Inventé el primer pretexto que se me ocurrió. Mientras hablaba, sin darme cuenta, le eché un vistazo a Lucía. De tal madre, tal hija: Lucía traía un vestido entallado largo y, sacando el trasero, ese durazno enorme y redondo, estaba tendiendo la ropa.

Aquella silueta de mujer madura, con el trasero jugoso, me prendió todavía más. Lucía escuchó mis palabras y volteó a verme. Sonrió con coquetería.

—Claro que sí, Iván. Muchas gracias.

Aprovechando que ella seguía con la ropa, entré rápido a la recámara y busqué hasta que por fin tuve la llave del cinturón de castidad en la mano. Le dije que iba al cuarto por unas herramientas y, al mismo tiempo, me metí a toda prisa en la recámara de Cami.

En ese momento, mi ahijada Cami, la más guapa de la universidad, esa de apariencia tan inocente, ya no aguantaba.

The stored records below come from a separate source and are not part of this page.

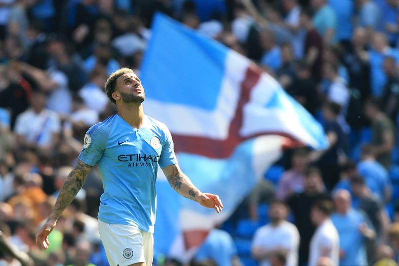 Manchester City's English defender Kyle Walker reacts at the final whistle during the English Premier League football match between Manchester City and Tottenham Hotspur at the Etihad Stadium in Manchester, north west England, on April 20, 2019.
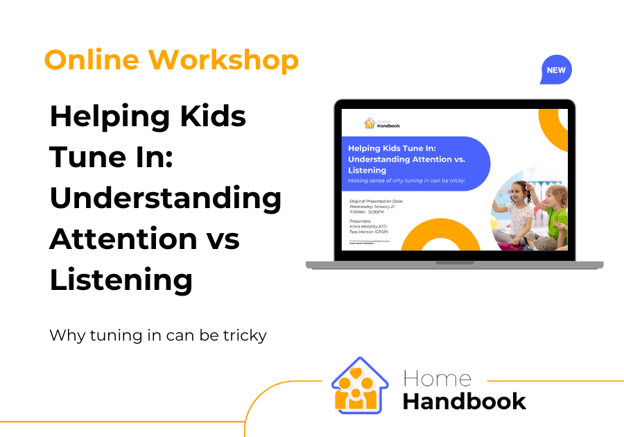 On-demand access to the live online workshop created for families to learn about the skills required for attention and listening, created by our children's occupational therapist, Ashley Hannan.
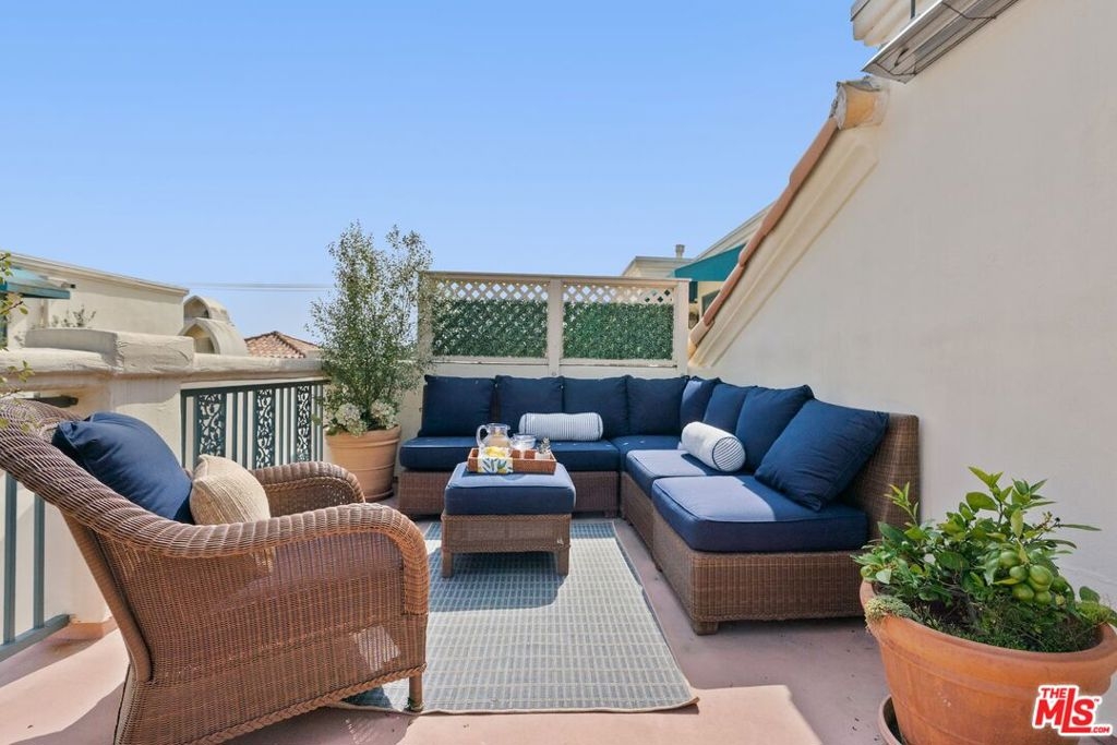 The curb appeal of this beautifully maintained building immediately exudes charm, hinting at the quality and care found throughout the property. Bathed in natural light, this immaculate 3 bedroom townhouse offers an exceptional opportunity to live in one of Santa Monica's most sought-after neighborhoods. As you enter the front door you'll feel right at home with a smart layout and exceptional flow. A formal dining room, adjacent to the well appointed kitchen hints at the ease of entertaining, and the spacious living room opens to a charming enclosed patio which is truly extension of the home allowing for easy indoor / outdoor California living! All three bedrooms are thoughtfully situated on the 2nd floor, with a shared full bathroom for the secondary bedrooms. The extra large Primary Suite is stunning with soaring ceilings, a walk-in closet, fireplace feature and elegant arched windows adorned with white plantation shutters, a beautiful detail found throughout the home. The ensuite bathroom with walk-in shower has dual sinks and an additional seated vanity. Stairs to the third floor lead to an open loft style den overlooking the Primary Suite - the perfect place for a quiet and bright home office with mountain views, and a spacious roof top deck for enjoying some zen with your morning coffee or an evening retreat to enjoy Santa Monica's sunset skies! With it's own private two car garage with direct access, extra storage space, laundry, and additional underground guest parking this property really does offer everything you cold hope for in a home. Nestled in the desirable North of Wilshire area, in the highly-rated Franklin Elementary School neighborhood and close to beautiful Douglas Park and Montana Avenue. You'll be spoilt for choice in such close proximity to Erewhon, Bristol Farms, and an array of nearby coffee shops and restaurants, including Sonny McLean's, Fia, and Milo and Olive to name just a few. Don't miss out on this Santa Monica gem!
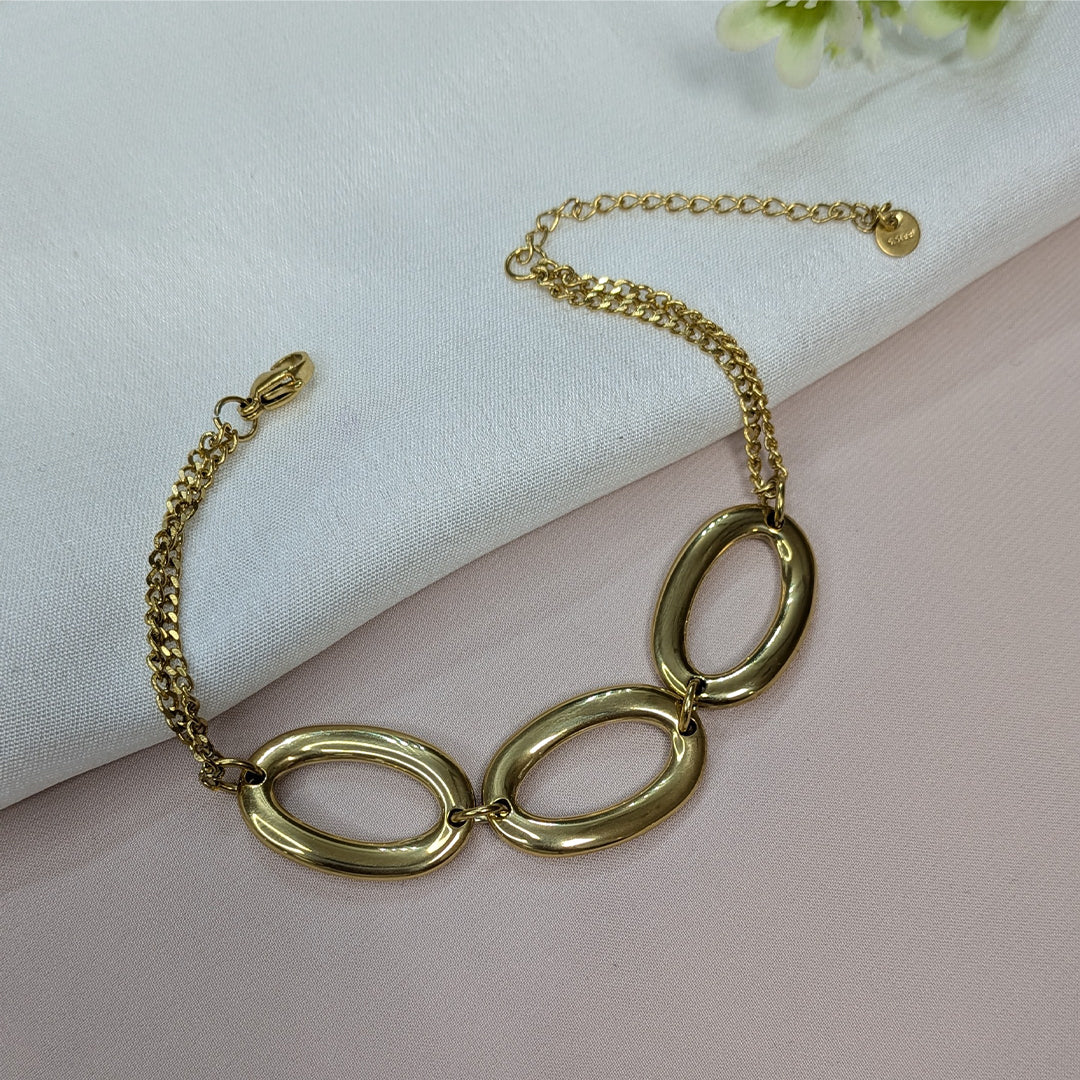 Embrace modern elegance with the Gold Finish Geometric Oval Link Bracelet for Women (Anti-Tarnish). Designed with sleek, interlocking oval links, this bracelet delivers a refined geometric aesthetic that is both stylish and timeless. The rich gold finish enhances every outfit with a premium glow, while the anti-tarnish coating ensures lasting shine and durability, even with regular wear. Lightweight yet statement-worthy, it sits comfortably on the wrist and pairs beautifully with layered accessories or worn solo for a chic minimalist look.
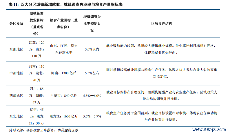 在财政约束环境下,民生与安全底线成为检验地方增长责任的重要维度。根据四大分区就业与粮食底线指标表,可以从就业、粮食生产与失业率控制三个方面观察区域责任结构。
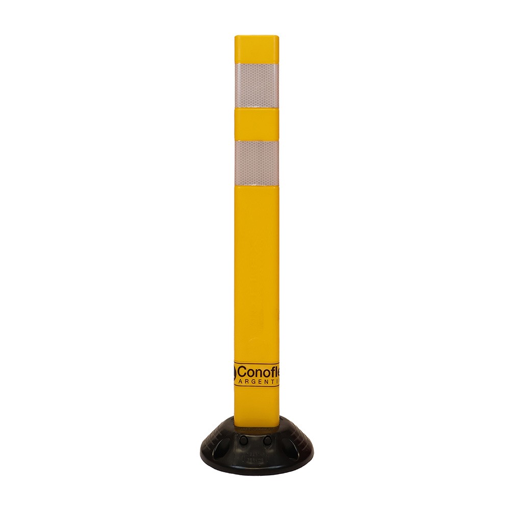 Delineador rebatible de forma T para demarcación vial, fabricado en material copolimero flexible, con filtro UV para protección solar. Conformado en “dos piezas”. Altura 75 cm, ancho de 8 cm y un peso de 1,3 kg. Su base de apoyo tiene un diámetro de 20 cm fabricada en material nylon, provista de 4 orificios para fijación con anclaje mecánico al suelo, cuenta con 2 orificios para la sujeción del rebatible, mediante 2 pernos plásticos de 10 cm cada uno. Presenta 2 bandas reflectivas de 7,5 cm de ancho cada una, con características HIP (HIGH INTENSITY PRISMATIC) según normas IRAM ASTM D4956 Tipo-3. Las mismas se encuentran bajo relieve para su mayor protección.
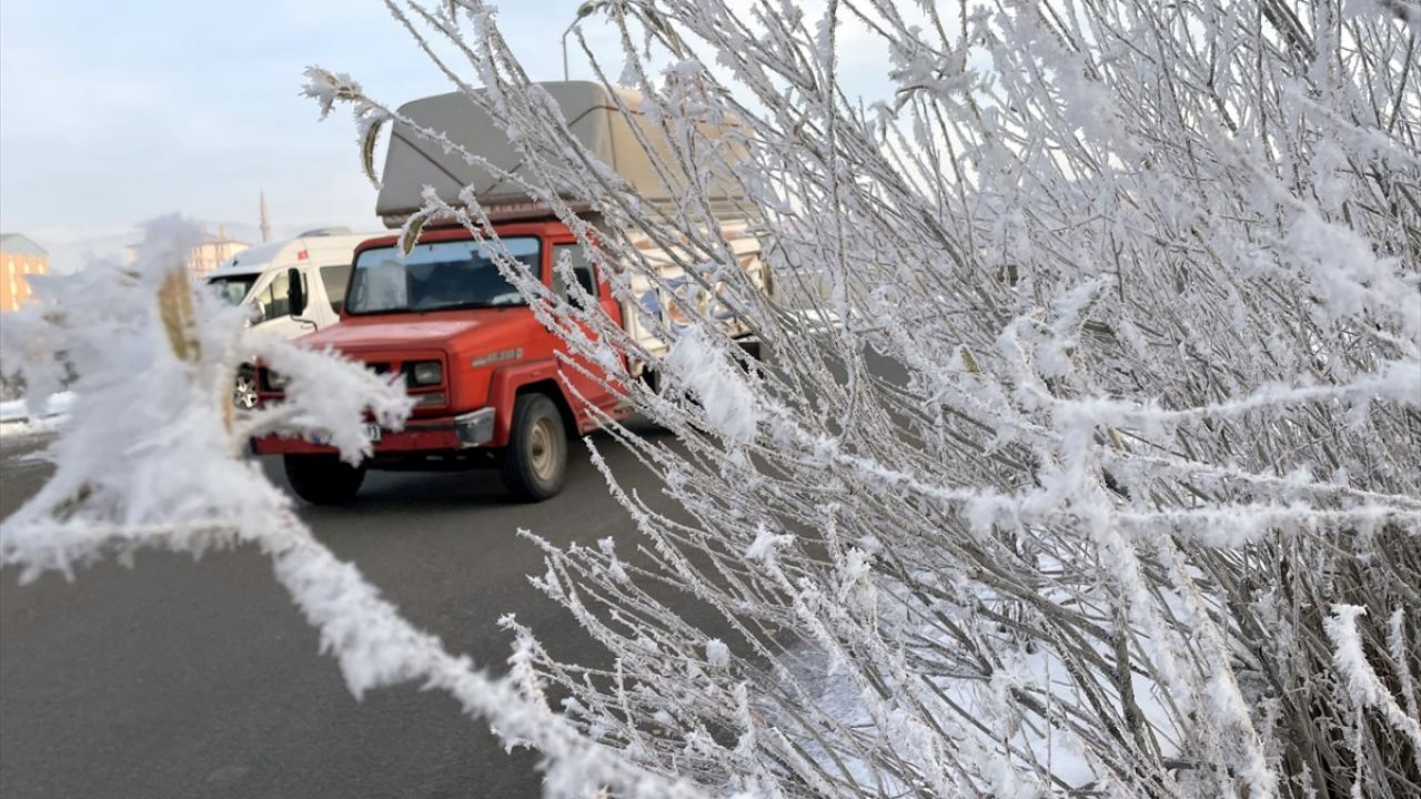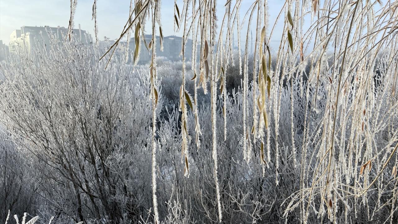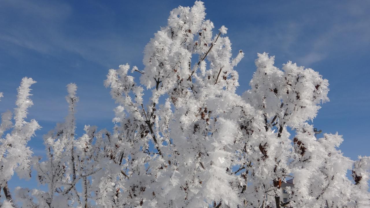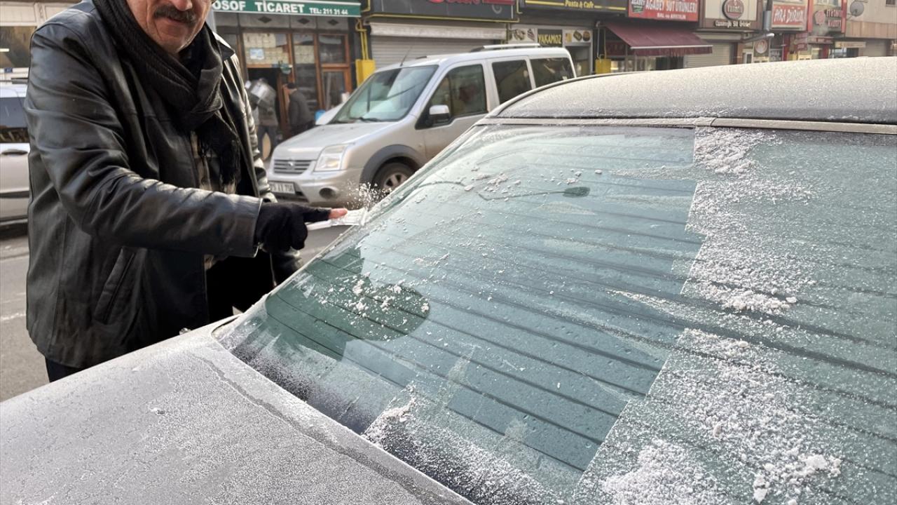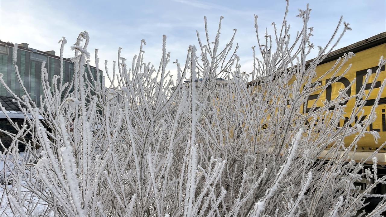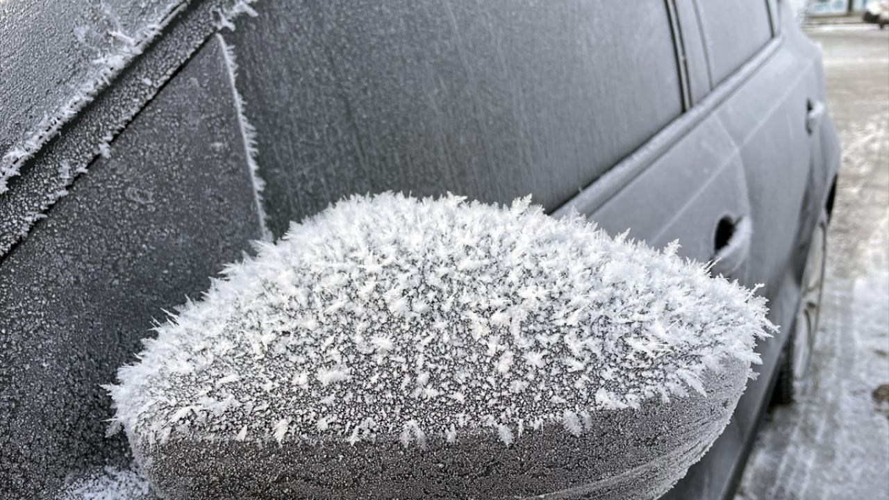 Kentte park halindeki araçların camları buzla kaplandı, bitkiler kırağı tuttu.
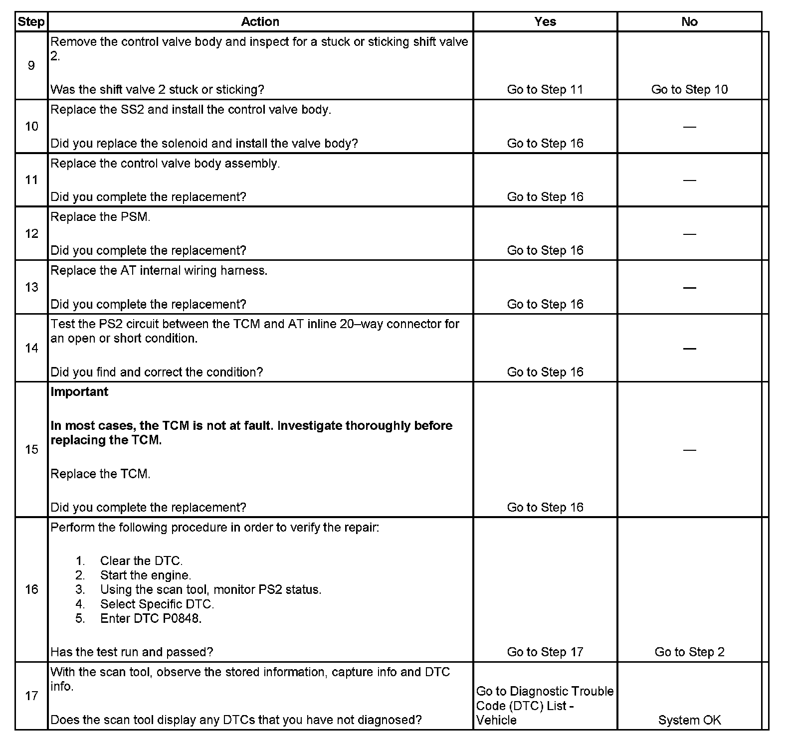 ^ When DTC P0756 and P0848 are set in combination, this may indicate an open circuit is present at the pressure switch circuit or the shift valve is stuck in the destroked position.
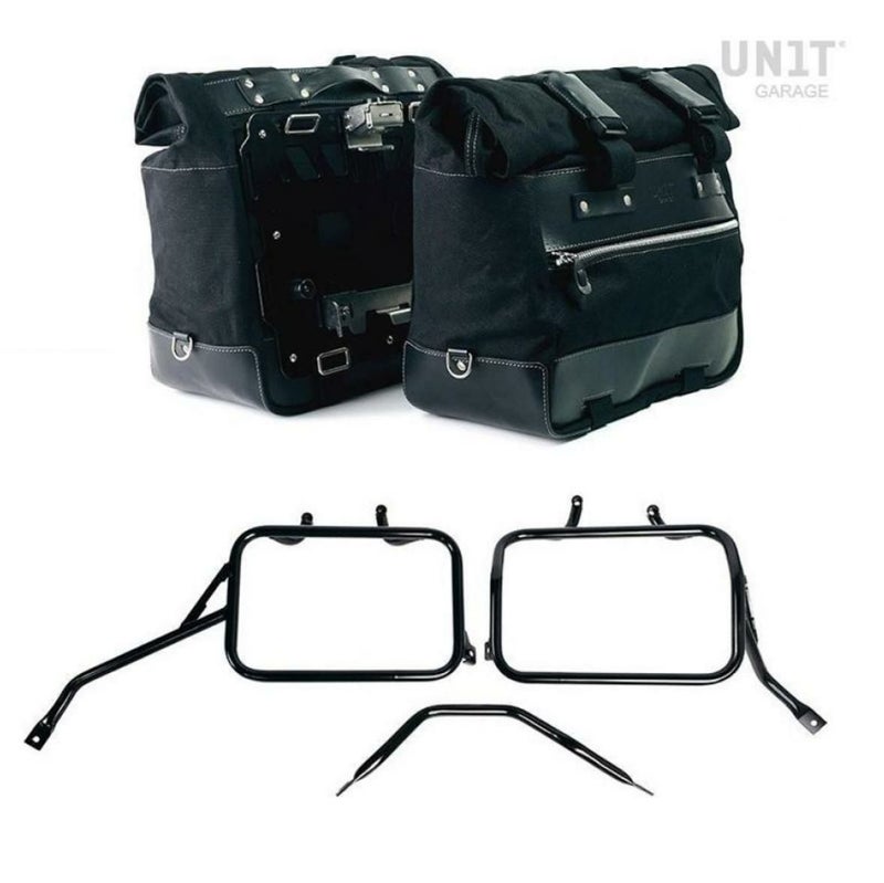 トライアンフ スピード400/スクランブラー400X用ワックスコットン製キャンバス地のカルトサイドパニアバッグブラック+ステンレス製クイックリリースシステム&ロック付きアルミバックプレー+アトラスアルミニウムパニア用サイドフレームの左右セット
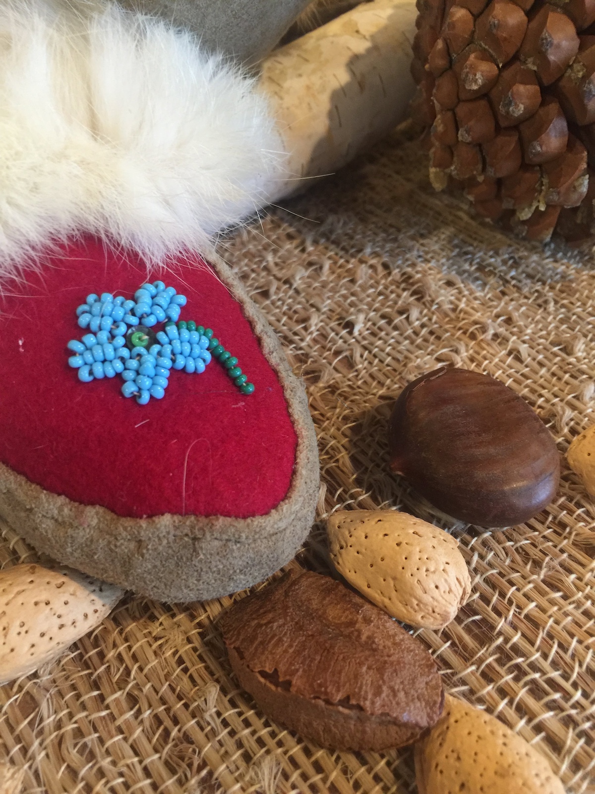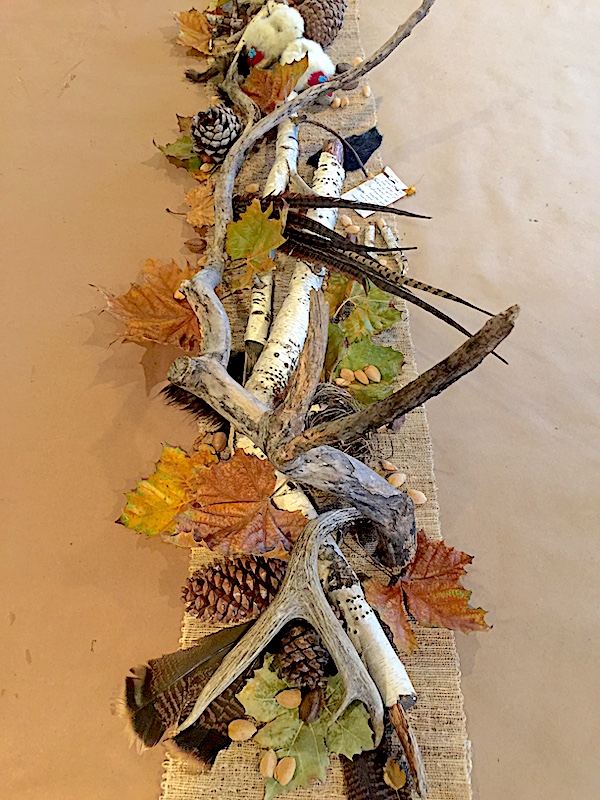 Below is an overview of the "forest foliage and feathers" display we put together for our live workshop, along with some close-ups of straight-from-the-story props. You could easily have your kids contribute items to a table over time, as the book is being read.
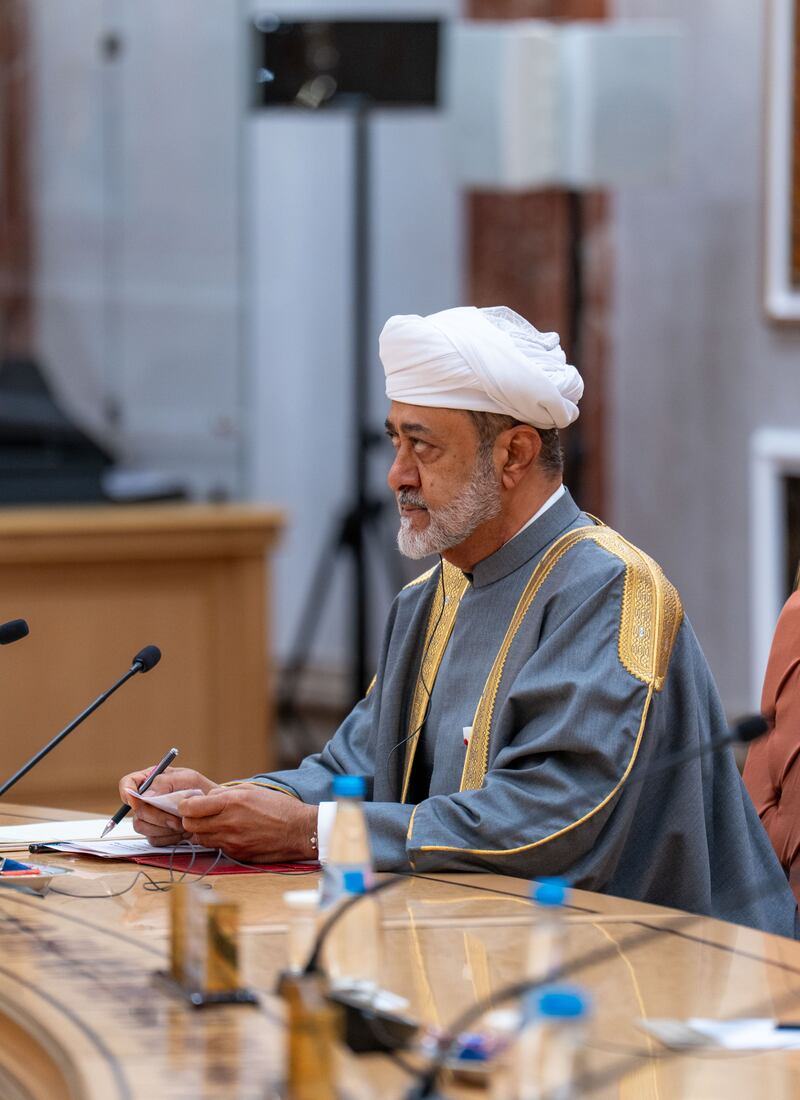 عقد حضرةُ صاحبِ الجلالةِ السُّلطان هيثم بن طارق المعظم /حفظهُ اللهُ ورعاهُ/ وفخامةُ الرئيس ألكسندر لوكاشينكو رئيس جمهورية بيلاروس جلسةَ مباحثاتٍ رسميّةً موسّعةً بحضور الوفدين الرّسميين من الجانبين. جرى خلال الجلسة استعراضُ فرص التّعاون الاقتصادي والاستثماري بين البلدين الصّديقين وتبادل وجهات النّظر حول عددٍ من الموضوعات المُهمّة بما يخدم المصالح المُشتركة لشعبي البلدين.

Tenía las dos piernas levantadas en alto y se había bajado un pedazo de las pantimedias blancas.

Al verme entrar, su cara enrojeció con una actitud de no poder soportarlo más.

—Padrino, ¿encontraste la llave del cinturón? Siento que la pulga ya se metió adentro del cinturón, me muero de la comezón. Ábreme el cinturón, rápido, calma mi comezón.

Con las pantimedias abajo, sus dos largas piernas blancas quedaron a la vista. Hasta la carne suave de la parte respingona se asomó frente a mis ojos. Levantó las piernas, dejando ver el cinturón de castidad, y no paraba de menear las nalguitas.

¿Cómo iba a aguantar con una jovencita así?

Tomé la llave y me acerqué de prisa.

—Tranquila, Cami, te voy a quitar el cinturón de castidad y te voy a aliviar esa comezón.

Dicho esto, con las manos temblorosas, metí la llave y, con un clac, abrí el cinturón de castidad. Apenas se abrió el cinturón, las piernas de la jovencita se montaron en mis hombros.

—Padrino, no aguanto la comezón, ¡rápido!

La cabeza me daba vueltas y la sangre se me concentró en un solo punto. Las ganas de echarme encima de Cami eran enormes. La poca razón que me quedaba me dijo que no podía hacer eso: Lucía estaba afuera, Cami era mi ahijada, no podía hacer una cosa de animales.

Estiré mi mano grande y le rasqué un poco ahí donde le picaba.

—Qué rico... padrino, también del lado...

Siguiendo las indicaciones de Cami, le rasqué con fuerza unas cuantas veces más. Cami tenía la cara roja como una manzana madura, y su cuerpo se estremecía con más intensidad.

—Padrino, yo... siento que adentro me da más comezón...

Al escuchar sus palabras, el cuerpo se me puso a punto de estallar de calor. ¿Esta muchachita me estaba insinuando algo?

En medio de mi titubeo, Cami me echó los brazos al cuello de pronto.

—Quítame la falda, padrino. Quiero aliviar otra comezón.

Antes de que mi boca alcanzara a decir nada, mi mano grande, con toda honestidad, ya la había tumbado en la cama y le tiraba de la ropa interior morada.